Notice too that the asterisks on either side of the disclaimer aren't treated as bullets. That's because we defined a bullet to be "* ", and neither of the disclaimer asterisks has a space after it.

Bullets can be any string we like, and there can be more than one of them in a single format. For example:


    print form
        :bullet('+'),
        "+ {[[[[[[[[[[[[[[[[[[[…}       + {…[[[[[[[[[[[[[[[[[[[}",
            @items,                         @items;

would print:


    + A rubber sword,                65 years of age).     
      laminated with mylar         + Talcum powder.        
      to look suitably             + Codpieces (assorted   
      shiny.                         sizes).               
    + Cotton tights (summer        + Singlet.              
      performances).               + Double.               
    + Woolen tights (winter        + Triplet (Kings and    
      performances or those          Emperors only).       
      actors who are willing       + Supercilious attitude 
      to admit to being over         (optional).

We can even change bullets in mid-form, which is useful for multi-level bulleting. Of course, in that case we're going to need a loop again, since form itself has only one level of intrinsic looping:


    %categories = (
       Animal    => ["The mighty destrider, ship of the knight",
                     "The patient cat, warden of the granary",
                     "Our beloved king, whom we shall soon have to kill"],
       Vegetable => ["The lovely peony, garland of Eddore",
                     "The mighty oak, from which tiny acorns grow",
                     "The humble cabbage, both food and metaphor for the fool"],
       Mineral   => ["Gold, for which men thirst",
                     "Salt, by which men thirst",
                     "Sand, on which men thirst"],
    );

    for %categories.kv -> $category, @examples {
        print form
            :bullet('*'),  "* {<<<<<<<<<<<<<<<<<<<<<<<<<<<<}",  $category,
            :bullet('-'),  "    - {[[[[[[[[[[[[[[[[[[[[[[[[}",  @examples;
    }

This would produce:


    * Mineral                       
        - Gold, for which men thirst
        - Salt, by which men thirst 
        - Sand, on which men thirst 
    * Animal                        
        - The mighty destrider, ship
          of the knight             
        - The patient cat, warden of
          the granary               
        - Our beloved king, whom we 
          shall soon have to kill   
    * Vegetable                     
        - The lovely peony, garland 
          of Eddore                 
        - The mighty oak, from which
          tiny acorns grow          
        - The humble cabbage, both  
          food and metaphor for the 
          fool

All's well that ends...

Report generation was one of Perl's original raisons d'etre. Over the years we've found out what format does well, and where its limitations lurk. The new Perl 6 form function aims to preserve format's simple approach to report generation and build on its strengths by adding:

  • independence from the I/O system;
  • run-time specifiable format strings;
  • a wider range of useful field types, including fully justified, verbatim, and overflow fields;
  • the ability to define new field types;
  • sophisticated formatting of numeric/currency data;
  • declarative, imperative, distributive, and extensible field widths;
  • more flexible control of headers, footers, and page layout;
  • control over line-breaking, whitespace squeezing, and filling of empty fields; and
  • support for creating plaintext lists, tables, and graphs.
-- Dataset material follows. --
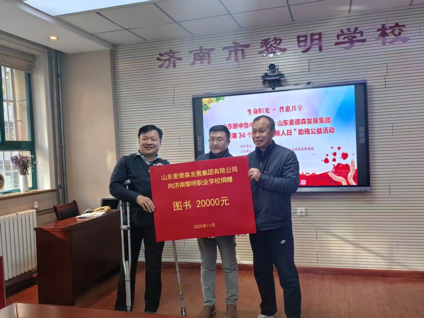 11月18日,山东麦德森发展集团、山东新中鲁中医医院联合主办的“生命阳光·普惠共享——庆祝第34个‘国际残疾人日’助残公益活动”在济南市黎明学校举行。

And because it's now part of a module, rather than a core component, form will be able to evolve more easily to meet the needs of its community. For example, we are currently investigating how we might add facilities for specifying numerical bullets, for formatting text using variable-width fonts, and for outputting HTML instead of plaintext.

If you're a regular user of Perl 5's format you might like to try the form function instead. It's available right now in the Perl6::Form module, which waits upon thy pleasure at the CPAN.